• **Data**:
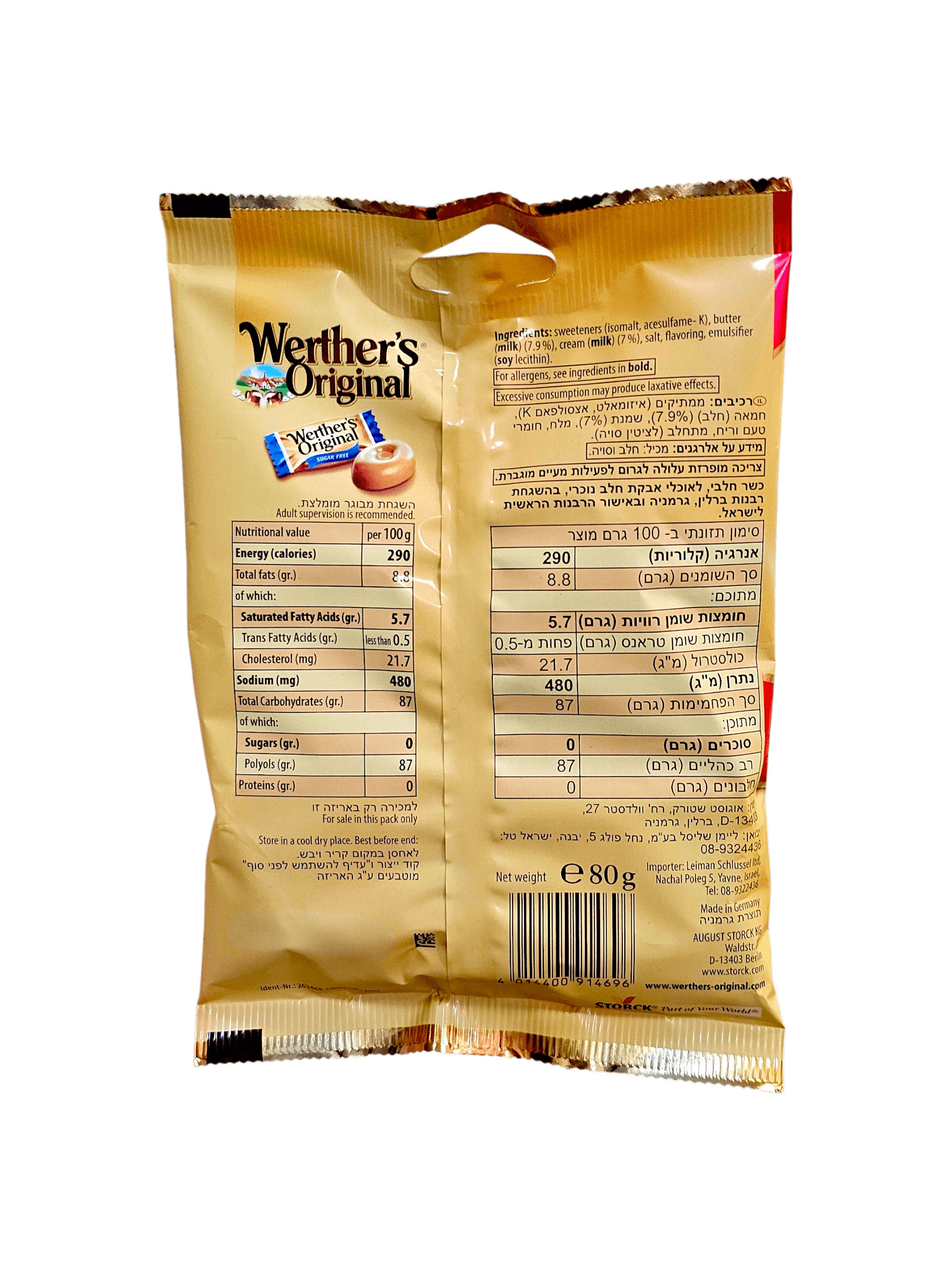 שומן. נתרן. 80 גרם. סוכריות וורטר אורגינל חמאה בטעם קרמל
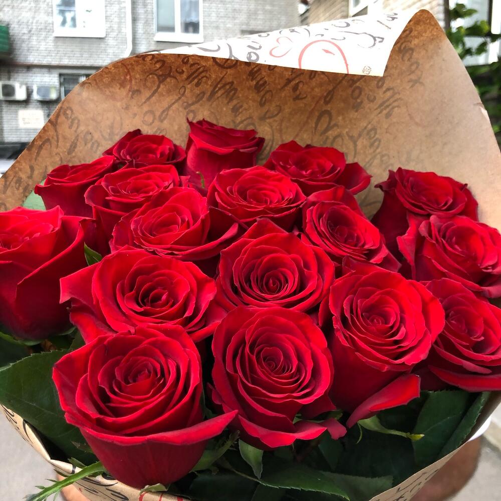 21 роза 60 сантиметров – 21 шт.Крафт упаковка – 1 шт.Лента атласная – 1 шт.
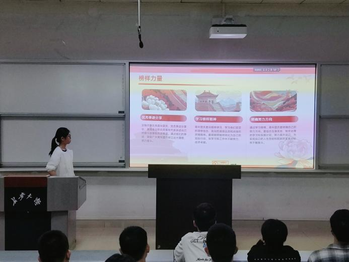 榜样分享环节,汪玲霞呼吁当代青年对标先进,深学其坚定的理想信念、高尚的道德品质与顽强的拼搏精神,切实将榜样精神内化为行动自觉,在学业钻研中精益求精,以实干实绩践行时代担当。
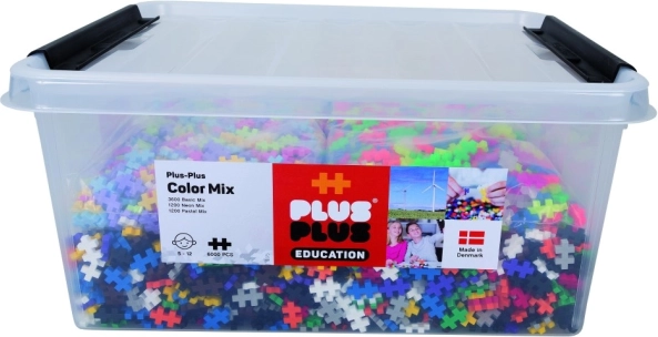 Otkrijte beskrajne mogućnosti kreativnog slaganja s spremnikom Plus-Plus koji sadrži ukupno 6000 dijelova u osnovnim, neonskim i pastelnim bojama. Praktična kutija s poklopcem idealna je za skupine, vrtiće i škole, a dio pakiranja je i brošura sa zadacima za djecu. Proizvedeno u Danskoj od reciklirane plastike, bez ftalata i s jednostavnim održavanjem.

• **Work instructions**: Could you give the material again exactly as it stands, omitting any image?

• **Answer for the task**:
 שומן. נתרן. 80 גרם. סוכריות וורטר אורגינל חמאה בטעם קרמל
 21 роза 60 сантиметров – 21 шт.Крафт упаковка – 1 шт.Лента атласная – 1 шт.
 榜样分享环节,汪玲霞呼吁当代青年对标先进,深学其坚定的理想信念、高尚的道德品质与顽强的拼搏精神,切实将榜样精神内化为行动自觉,在学业钻研中精益求精,以实干实绩践行时代担当。
 Otkrijte beskrajne mogućnosti kreativnog slaganja s spremnikom Plus-Plus koji sadrži ukupno 6000 dijelova u osnovnim, neonskim i pastelnim bojama. Praktična kutija s poklopcem idealna je za skupine, vrtiće i škole, a dio pakiranja je i brošura sa zadacima za djecu. Proizvedeno u Danskoj od reciklirane plastike, bez ftalata i s jednostavnim održavanjem.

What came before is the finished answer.